This repository offers split conformal prediction to estimate the uncertainty of an arbitrary machine learning (ML) model. We provide post-hoc conformal prediction (CP) wrappers that turn the prediction of a ML regression model into a prediction interval (or set) that contains the target variable within a user specified probability on average (also known as coverage/validity, sometimes denoted as confidence). The CP algorithm only requires access to the prediction function of the ML model, a calibration dataset that was not used to train the ML model, and the probability/coverage/confidence for the prediction interval. The calibration dataset should reflect the type of data that the model will see when deployed. This CP algorithm is enhanced standard split conformal prediction wrappers with a region discovery approach that identifies groups in the input space where the conformity scores are significantly different. This allows us to better characterize heteroscedastic uncertainty and improve the coverage of the prediction intervals on the discovered groups in addition to its average guarantee. The discovered groups are regions in the input space where the error of the model is significantly different, and consequently the prediction interval/set sizes differ (i.e., uncertainty or precision of the model prediction).

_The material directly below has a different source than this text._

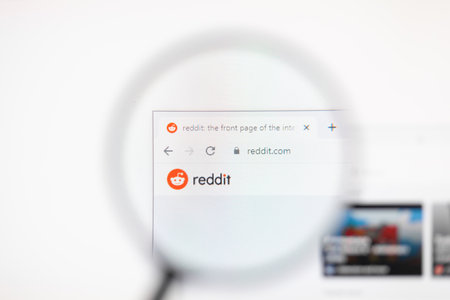 Odessa, Ukraine - December 17, 2020: Reddit website on monitor screen under magnifying glass.

We currently support post-hoc conformal prediction wrappers for ML regression models that predict a real-valued variable from multivariate input. The current implementation uses the absolute error as conformity scores producing prediction intervals centered at the prediction of the provided regression model.
We support single region (standard) and multi-region split conformal prediction based on decision trees. The latter indicates that the error regions are learned by a decision tree clustering approach. The identified groups are inputs to the conformal prediction method which enables adjustments of the prediction intervals/sets based on the uncertainty of the discovered regions.